Team:TU Delft/10 August 2010 content

From 2010.igem.org

Contents

Lab work

Tolerance and Sensing

A new attempt to construct parts 304 (PalkS12 + B0032), 327(P(caif) + B0032) and 405 (402 + 403).

Digestion, Ligation, Transformation

1 microgram of each plasmid was digested:

# Sample Enzyme 1 Enzyme 2 Enzyme 3 Buffer BSA Needed fragment
1 PalkS12A EcoRI SpeI ScaI 2 (Biolabs) ‘E - PalkS12 - S’
2 P(caif)A EcoRI SpeI ScaI 2 (Biolabs) ‘E - P(caif) - S’
3 B0032 EcoRI XbaI 2 (Biolabs) ‘X - B0032 - E’
4 402: J61101 - PhPFDalpha EcoRI SpeI ScaI 2 (Biolabs) ‘E - J61101 - PhPFDalpha - S’
5 403: J61101 - PhPFDbeta EcoRI XbaI 2 (Biolabs) ‘E - J61101 - PhPFDbeta - S’

The digestion was checked on a gel:

TU Delft 2010-08-10 digestion p7.png

Lane description

# Description Expected size (bp) OK?
1 Smartladder (5μl) n/a n/a
2 PalkS cut 106, 861, 1188 no
3 P(caif) cut 74, 861, 118 no
5 402 cut 543, 548, 1508 no
6 403 cut 2439, 58 vague

So most digestions were not what we expected. The ligations were already started anyway.

Following the digestions, the fragments were ligated for 4 hours.

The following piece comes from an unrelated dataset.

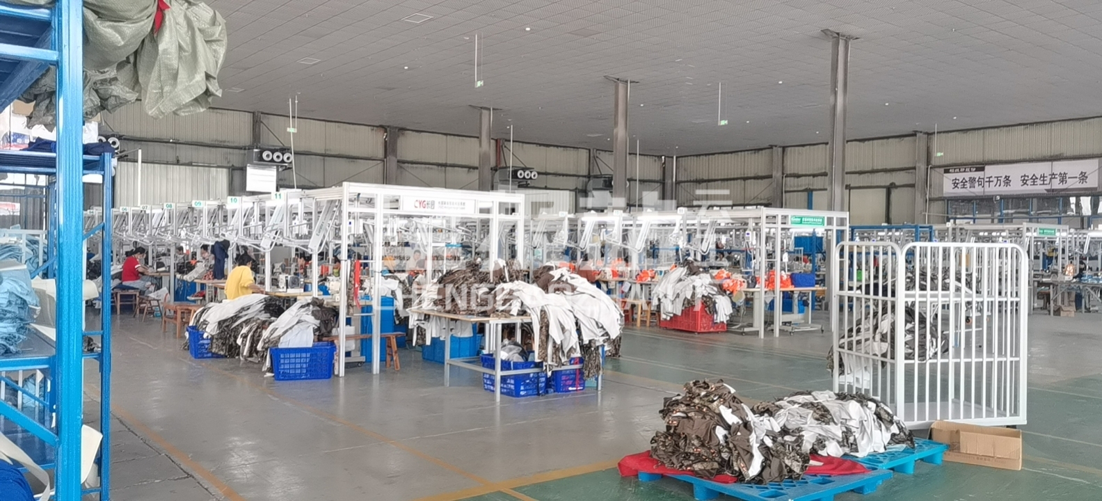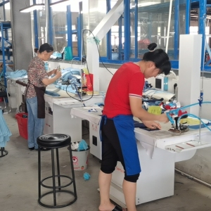 裤头车:1台,智能模板机:4台,自动拉布机:2台,电脑自动裁:2台,松布机:1台,定扣机:4台,挑脚机:1台,剪线机:2台,验布机:1台,断布机:2台,钉扣:4台,自动打扣机:3台,平眼:3台,平车:300台,电烫炉:6台,直眼:3台,打边机:8台,双针车:8台,电剪:3台,烫台:8台,冚车:3台,唛架机:2台,裁床:3台,五线:10台,四线:8台

# BioBrick Fragment 1 Recipient vector
1 304A 12.5 μL ‘E - PalkS12 - S’ 10 μL ‘X - B0032 - E’
2 327A 10 μL ‘E - P(caif) – S’ 10 μL ‘X - B0032 - E’
3 405A 15 μL ‘E - J61101 - PhPFDalpha – S’ 3 μL ‘X - J61101 - PhPFDbeta - E’

Alkane degradation

All of yesterday's plates contained colonies. To check whether they contain the correct insert we will do a colony PCR. TUDelft 20100810 PCR.png

Lane description

# Description Primers Expected length (bp)
L SmartLadder n/a n/a n/a n/a
1-5 013A G00100 + G00101 1929 none all
6-10 013K G00100 + G00101 1929 9 6,7,8,10
11-15 020A G00100 + G00101 2482 none all
L SmartLadder n/a n/a n/a n/a

On the gel it looks like lane 9, containing 013K, has the correct length. We will do a plasmid isolation tomorrow. Unfortunately none of the colonies of 020A seemed to be correct. We will check some more colonies with a colony PCR overnight.